A red cabbage - Flemish style - recipe, where cabbage is slowly cooked with apples and spices. Traditionally eaten with mashed potatoes and sausages, but also very good on a slice of pain au levain w/ walnuts, some good cheese, and a glass of high quality beer. Belgian of course!
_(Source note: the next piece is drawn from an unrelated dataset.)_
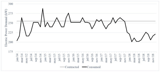 From Figure 3, it is possible to see that, over the last five years, the consumer unit exceeded the contracted power demand in some months, and in most of them, it did not use the contracted value of 255 kW. In 2014 and 2016, consumption was exceeded in just two months, while in the other months, there was a loss of contracted power demand. In 2015, there were three overtaking. It was in 2017 when most overtaking occurred, totaling five months. On the other hand, during 2018, the consumer unit paid for a much higher demand than used. This shows a lack of reconciliation between production planning and energy planning. Two overruns in the contracted demand generated a fine, causing losses to the company, highlighting the need to carry out this study.

red cabbage, Flemish style
by Ruth Van Waerebeek, p.208)
1 medium red cabbage
2 tbs unsalted butter
1 small onion, thinly sliced
1/4 red currant jelly or 1 additional tbs sugar or honey
2 tbs cider vinegar
1/4 cup water, + additional if needed
1 tbs dark brown sugar or honey
pinch of ground cinnamon or 2 whole cloves
salt + freshly ground black pepper
4 tart apples, peeled, cored, and thinly sliced
1. Discard the tough outer leaves of the cabbage. Cut the head into quarters and remove the white core. Shred the cabbage into very thin slivers.
2. Melt the butter in a large heavy Dutch oven. Add the cabbage, onion, currant jelly, vinegar, water, sugar, cinnamon, and a little salt and pepper. Cover and bring to a boil. reduce the heat immediately and let simmer, covered, for 30 minutes.
3. Add the apples and continue simmering for 1 hour, checking from time to time to see that it is not too dry. Add a little more water if necessary. At the end of the cooking time, the cabbage should be tender, the apples reduced to a puree, and all the liquid absorbed. Taste and adjust the seasoning if necessary.
Note: Do not rinse the cabbage. Discard the outer leaves and wipe with a damp cloth if necessary. Rinsing, blanching, or boiling will fade the deep red color.
Variations: In step 2, cut 3 oz slab bacon into thin strips. Render the bacon strips in the Dutch oven and continue with the recipe, omitting the butter.